First Up is Merit Pay!

Jan 14, 2016 by

And they’re off! It started before the session when Governor Brownback said he wanted teacher merit pay in any new school finance system. It was ratcheted up a notch when House Education Chairman Ron Highland (R-Wamego) went on television to say merit pay for teachers is easy to figure out. Well, what he actually said is “I can walk in any school and talk to the janitor and I can tell you who the best teacher is in every school; they all know.”

The legislature is wasting no time in pushing the issue. Yesterday during a presentation to a joint meeting of the House and Senate Education Committees by Commissioner Randy Watkins and SBOE Member Jim McNiece, Senator Jeff Melcher (R-Leawood) pressed the issue. McNiece responded, telling Melcher that Kansas needs to address the overall compensation levels in the profession. He warned that raising the pay of some teachers without addressing overall compensation first would create morale problems. “What you’re going to do is make it worse,” he said. “It’s going to be throwing gasoline on the fire.”

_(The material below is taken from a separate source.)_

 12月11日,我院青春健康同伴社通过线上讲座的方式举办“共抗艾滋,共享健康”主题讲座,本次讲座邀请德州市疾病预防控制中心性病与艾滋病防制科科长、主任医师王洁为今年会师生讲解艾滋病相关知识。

Watson and McNiece both told the Committees that the perception among teachers that they aren’t valued is a significant problem. McNiece went on to say that Kansans need to “change the conversation about teachers and what they do, and recognize how hard they work and applaud them first.”

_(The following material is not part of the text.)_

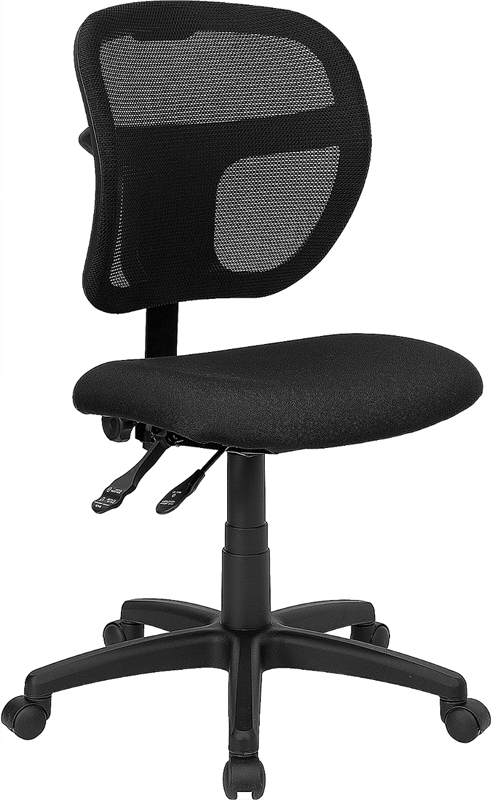 - Mesh office chairs can keep you more productive throughout your work day with its comfort and ventilated design. The breathable mesh material allows air to circulate to keep you cool while sitting. Finding a comfortable chair is essential when sitting for long periods at a time. The mid-back design offers support to the mid-to-upper back region. The contoured backrest provides firm back support allowing your back to rest comfortably. The locking back angle adjustment lever changes the angle of your torso to reduce disc pressure. The waterfall front seat edge removes pressure from the lower legs and improves circulation. Chair easily swivels 360 degrees to get the maximum use of your workspace without strain. The pneumatic adjustment lever will allow you to easily adjust the seat to your desired height. From behind the desk to the meeting room this chair can provide a seamless addition to your work space.

The evidence is clear that merit pay doesn’t work. And it doesn’t work in the private sector either. There is plenty of research demonstrating that for professional jobs requiring cognitive skills, creativity, and problem solving, merit pay or pay for performance schemes actually harm productivity.

Dan Pink, author of Drive: The Surprising Truth About What Motivates Us, explores research done by economists for the Federal Reserve and the London School of Economics that clearly shows the harm done by pay for performance plans. Pink explores this in a TED Talk that you can view by clicking here.

Now, in fast tracking the idea, Chairman Highland this morning announced an informational hearing on the issue to be held when the legislature reconvenes on Tuesday. KNEA will be there to testify.